Hi,
On 1/23/23 21:30, Andres Freund wrote:
That's been the case since my first post in the thread :). Mainly, it seems
easier to detect underflow cases during subtraction that way. And the factor
of 2 in range doesn't change a whole lot.
I just realized it the other day :).
If you have time to look at the pg_test_timing part, it'd be
appreciated. That's a it larger, and nobody looked at it yet. So I'm a bit
hesitant to push it.
I haven't yet pushed the pg_test_timing (nor it's small prerequisite)
patch.
I've attached those two patches. Feel free to include them in your series if
you want, then the CF entry (and thus cfbot) makes sense again...
I'll include them in my new patch set and also have a careful look at them.

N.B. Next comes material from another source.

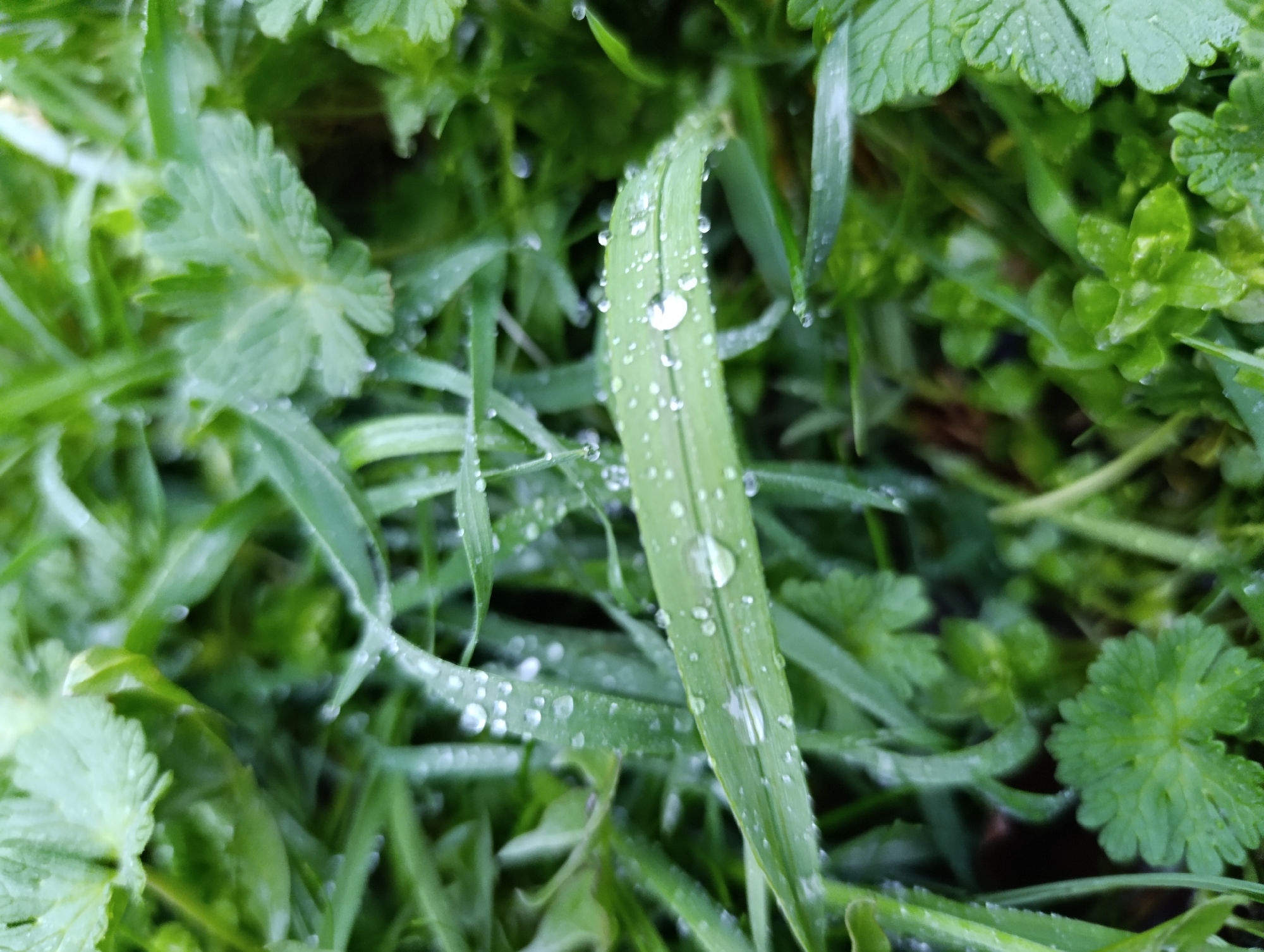 A close-up, outdoor shot of lush green vegetation. Dewdrops are visible on the blades of grass and the leaves of clover-like plants. The scene conveys a sense of freshness and natural beauty. There is no indication of it being located in the city of Haskovo, Bulgaria.

I reviewed the prerequisite patch which introduces
INSTR_TIME_SET_SECONDS(), as well as the pg_test_timing patch. Here my
comments:
- The prerequisite patch looks good me.
- By default, the test query in the pg_test_timing doc runs serially.

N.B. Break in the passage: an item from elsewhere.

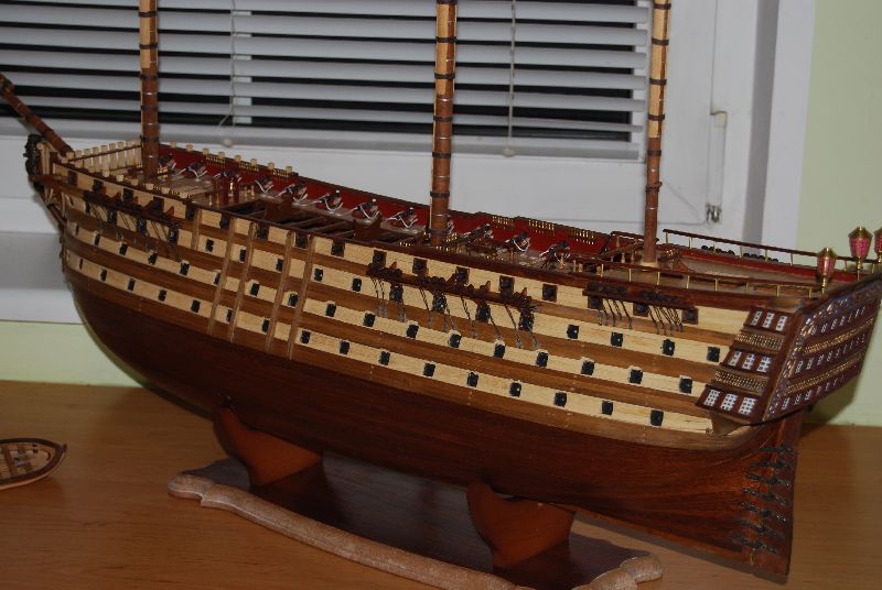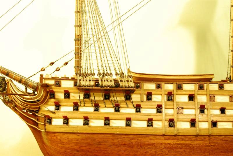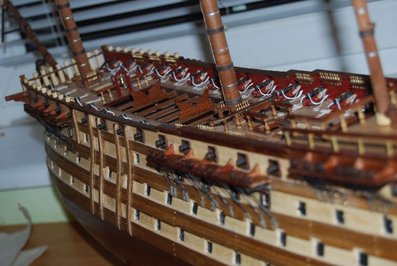 Podsumowanie działu. OCCRE dało bandery nieformowalne, przy próbie nasączenia jakimkolwiek utrwalaczem typu lakier do włosów bądź już zwykłe namoczenie poprzez przesiąknięcie kleju, farba zostaje na palcach a na samej banderze zostają zgrabnie zdjęte linie papilarne, banderę zatem odmalowywałem po godzinnej walce z formowaniem - efekt średni ale ujdzie w tłumie, lepiej było zrobić własną od podstaw bo ten czerwony koło czerwonego nie leży.Jest to pomarańczowy - róż. Małych jufersów zabrakło 6 sztuk dwie zgubiłem więc razem osiem, a dużych zostało z 10 czort wie po co + jeden pęknięty, dodając jeden nadprogramowy żagiel który nie wiem gdzie miąłbym założyć wychodzi na to że niespecjalnie OCCRE się przykłąda, o braku podstawki która kupiłem na Allegro od zesstawu DA nie wspomnę. Choć mają maszynę do cięcia wodą i tu duży plus .Bloczków też będzie za mało jeśli wykonujemy model zgodnie z planami a nie dokumentacją Occre. Ja się posiłkowałem tymi co zostały mi z innych budów no i dorabiałem wlasne. Część rzeczy w ogóle nie została uwzględniona. Coś tam niby jest narysowane ale nic nie widać co i jak a wytłumaczenia tez nie ma. Furty armatnie poza krytyką , niedolane klapy powyszczerbiane 10 w ogóle się nie nadawało do założenia bo były szczątkowe ( OCCRE ambzury dało co do sztuki - czyli ktoś to liczył i miał w rękach, bo jak były niedolane to na wadzę powinno być jedno lub dwa więcej) Klap za to zostało 10, zrobiłem wielki błąd że nie opracowałem otworów jak należy - boli mnie to sromotnie. Starałem się tak zrobić żeby nie rzucało się te metalowe badziewie w oczy . Dokupiłem paczkę furt AMATI, zupełnie inna bajka , choć też blachówa. Są błędy w podwójnych a pojedynczych bloczkach w dokumentacji. Linki 0,5 jest na styk. 0,8 zostaje szpulka - prawie 2 . Za to zostało mi 2 metry łańcucha który miał być podwięziami. Podsumowując wiele czasu się traci na dojście co i jak na równi z własnym wykonywaniem z planów albo i jeszcze więcej. Ogólnie z efektu jestem zadowolony. Ten zestaw można określić mianem sterty klapek z której " coś " można zrobić. Myszor myli się że to tylko postykać. Większość trza przerabiać i dorabiać.

What about adding SET max_parallel_workers_per_gather = 0 to make sure
it really always does (e.g. on a system with different settings for
parallel_tuple_cost / parallel_setup_cost)? Otherwise, the numbers will
be much more flaky.
- Why have you added a case distinction for diff == 0? Have you
encountered this case? If so, how? Maybe add a comment.
- To further reduce overhead we could call INSTR_TIME_SET_CURRENT()
multiple times. But then again: why do we actually care about the
per-loop time? Why not instead sum up diff and divide by the number of
iterations to exclude all the overhead in the first place?
- In the computation of the per-loop time in nanoseconds you can now use
INSTR_TIME_GET_NANOSEC() instead of INSTR_TIME_GET_DOUBLE() * NS_PER_S.
The rest looks good to me. The rebased patches are part of the patch set
I sent out yesterday in reply to another mail in this thread.